Right right. And kids are going to see this. This mugshot of some big
ugly guy wanted for murder or rape. It never went through I don't
think because it's so horrendous to even think of, but I wrote this
editorial after I heard about it and just went "Wow, I'm disturbed by
this. I don't want this in my theatres. I already don't like the Navy
commercials that are there, just because I see them on television
everyday and I'm never going to join the Navy. I don't want to see
them in the theatre as well"
And so I imeadiately got, just hours after it went online, a nasty
e.mail about it. Criticism about how I was against the Navy and how I
was against the FBI and how I just wanted murderers and rapists to
walk the streets.
Oh my god.
And I was like, you've got to be joking me. I couldn't have said it
any clearer. You know, it wasn't about that. The one thing that
disturbed me the most was that this person said that you could have
nothing without commercialism. That every thing had to be
commercialized. And that was pretty much their opinion and viewpoint,
that I could not escape reality because reality was all around me so I
might as well just accept the commercialism.
What he's really saying is that commercialism has evolved to something
that people take as truth and that It's so seemlessly webbed with fact
that fact and fiction is so easily interwined with all this stuff that
It's become this interface that has become effective for doing stuff
like that. I almost harken back to the days when, I mean this is a
really stupid example maybe but is interesting to me, like when I was
a kid with toys there was all this uproar when they would animate toys
as if this was really going to fuck with peoples heads.
Figure does not actually move by itself….
It does not actually move by itself. But now it's just so integrated
in kids minds. You know? Because kids apparently know the difference
but I question all that still a little bit, you know?
Well it's how they portray products is bad.

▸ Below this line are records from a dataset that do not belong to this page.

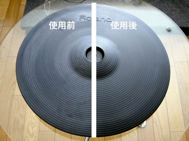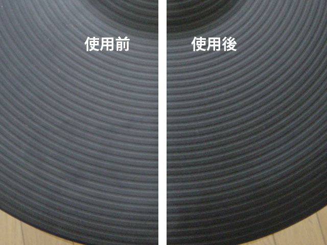 ▼ひとつだけ欠点をあげるとすると、滑りやすくなるということ。ポリマーですからどうしてもツルツルしますね。叩いた感じが明らかに変わります。使用前は、少し引っかかるようなゴムらしい感触がありましたが、引っかかりにくくなります。しばらく使って慣れてしまったので、最初は若干違和感がありましたが、すぐに慣れます。この辺は、好みが別れるところだと思いますが、、、、。
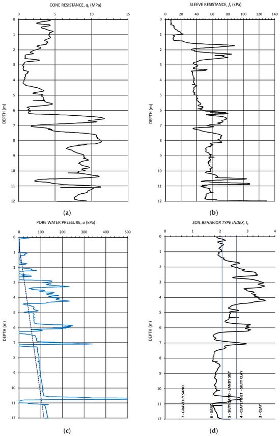 Results of CPTU: (a) cone resistance, (b) sleeve resistance, (c) hydrostatic and pore water pressure, and (d) soil behavior index.
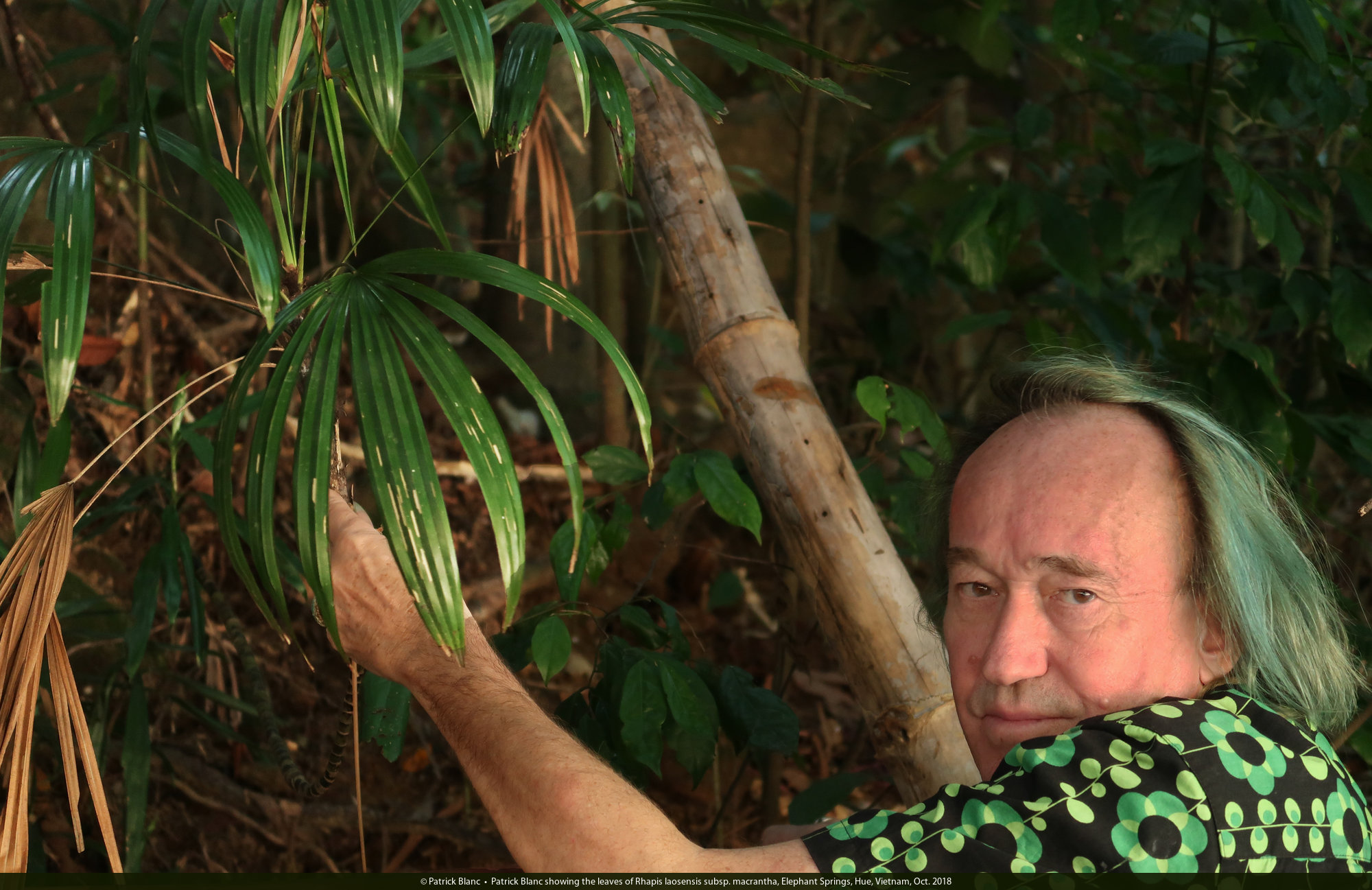 Patrick Blanc showing the leaves of Rhapis laosensis subsp. macrantha, Elephant Springs, Hue, Vietnam, Oct. 2018
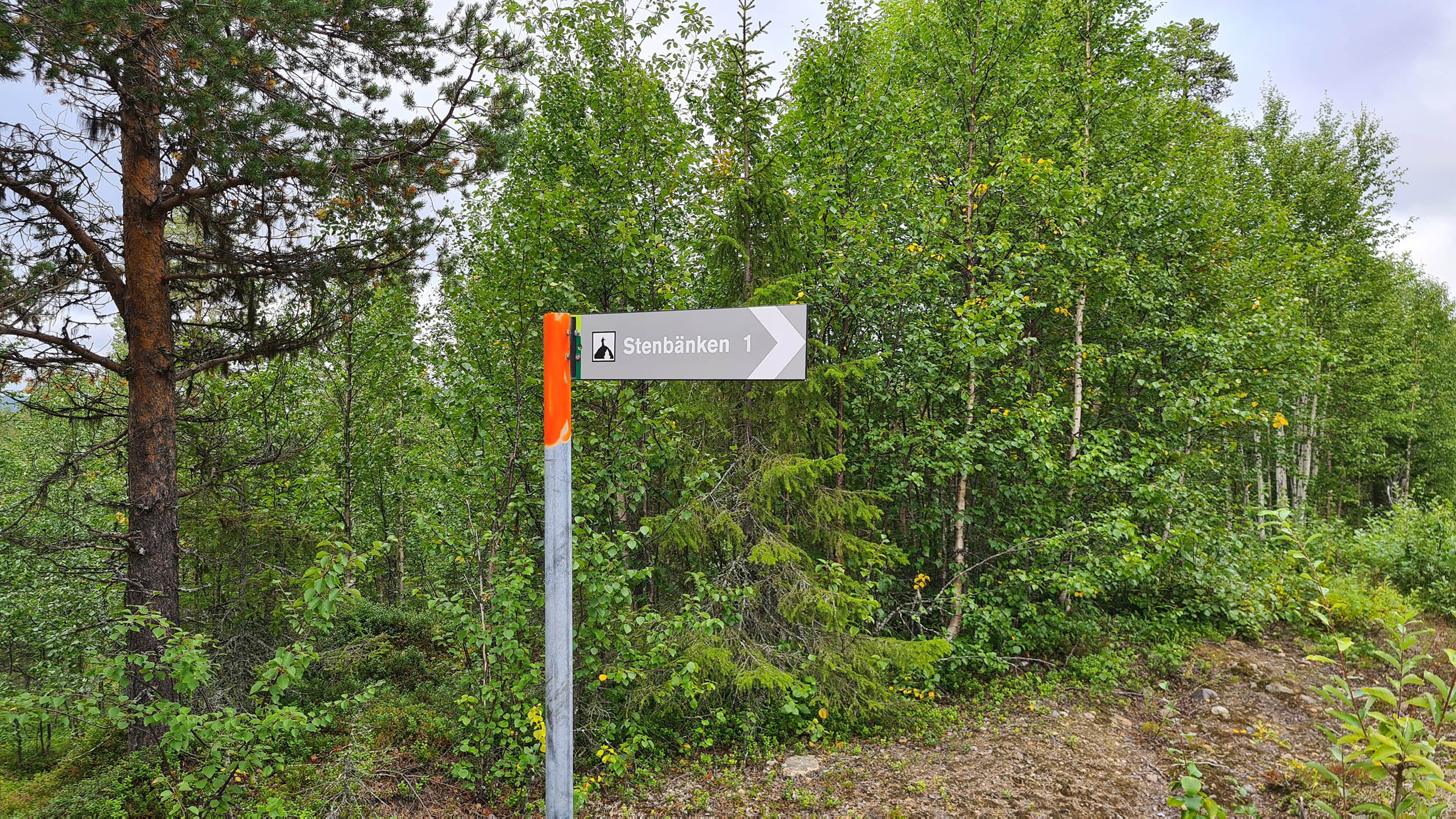 Därmed är de mest utmanande partierna bakom mig. Jag finner mig nu på en grusväg som jag följer i cirka 3 km. Målet är inställt på stenbänken som finns i alla ekoparker och mycket riktigt hittar jag en liten skylt längs vägen som pekar in mot skogen. Nu börjar återigen en stigning och jag tar mig an den sista ansträngningen.
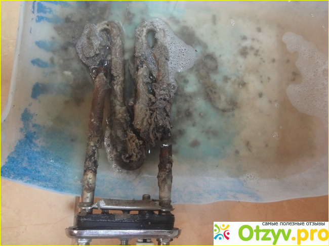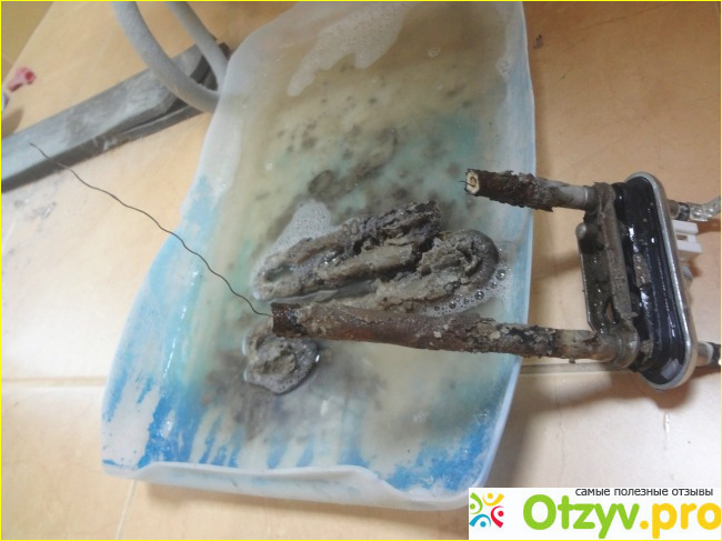Толстая железяка сломалась пополам и держалась на тоненькой проволочке. Тэн был покрыт слоем плохопахнущей грязи - как при чистке канализации.
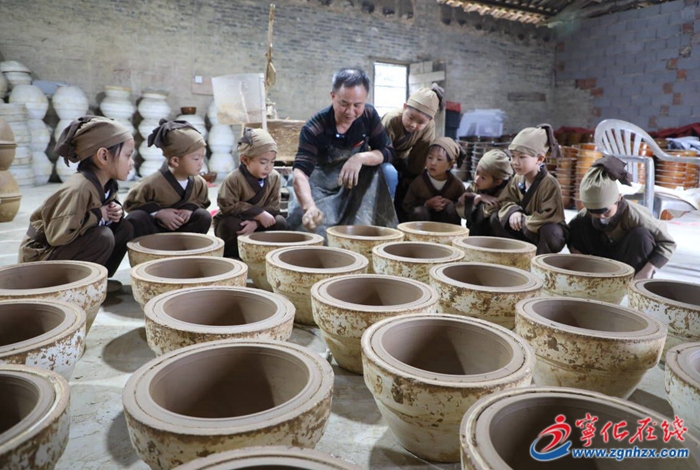 上個(gè)世紀(jì)八九十年代,是禾口陶器產(chǎn)業(yè)的鼎盛期,陶器廠制作的酒缸、酒壇、擂砵,暢銷清流、明溪、江西石城等周邊縣。張標(biāo)喜是陶器制作技藝的第五代傳承人,從事陶器制作已有40多年。他認(rèn)為玩泥巴是孩子的天性之一,能提高孩子的動(dòng)手能力,讓他們進(jìn)一步感受中國傳統(tǒng)的陶瓷制作工藝獨(dú)有魅力,從小接受傳統(tǒng)陶藝文化的熏陶。

The whole this is just fucked up, the world's an ungodly mess, but…
::laughs:::
Theres this great Yugoslavian philosopher, I always have problems
pronouncing his name, it's Zizek?
Slavoj Zizek, have you ever heard of him? And he always argues the
contradiction, and then examines the contradiction, and then he'll
give his hypothesis and then even examine that and use the same
critical methods on his own. And he was talking about this, he was
questioning because he goes through universities all the time and they
were talking about this idea of America being a post-manufacturing
country, and the argument was that we don't manufacture anything here.
And his quip to that was that that's alive and well, and that we are
manufacturing in this country and that our blue collar force is China.
Which is completely true. That's absolutely true. And uh, so I think
we have this kind of really weird thing where, I guess the most
altruistic way of looking at America is that it's all about ideas,
it's the GE kind of tendency where 'we bring good things to life' but
we don't really manufacture anything anymore of any value. So we're
just consumers. And what we buy and what we covet is really what
drives our economy forward. If you buy a Hummer you're supporting the
military complex you know? I mean, a lot of things you buy, I guess
just the communications we're talking on right now are part military.
Cell phones are part military. And we love those things. And certain
parts of the culture love those things even more than I can even
imagine because they become accessorized in a way, you know?
Right. They have to have it. I think I just
want to quit everything and go live on a mountain sometimes.
I know, I do sometimes too. But then I'm just like, well it might be
nice, quiet and just serene. I've had moments of that.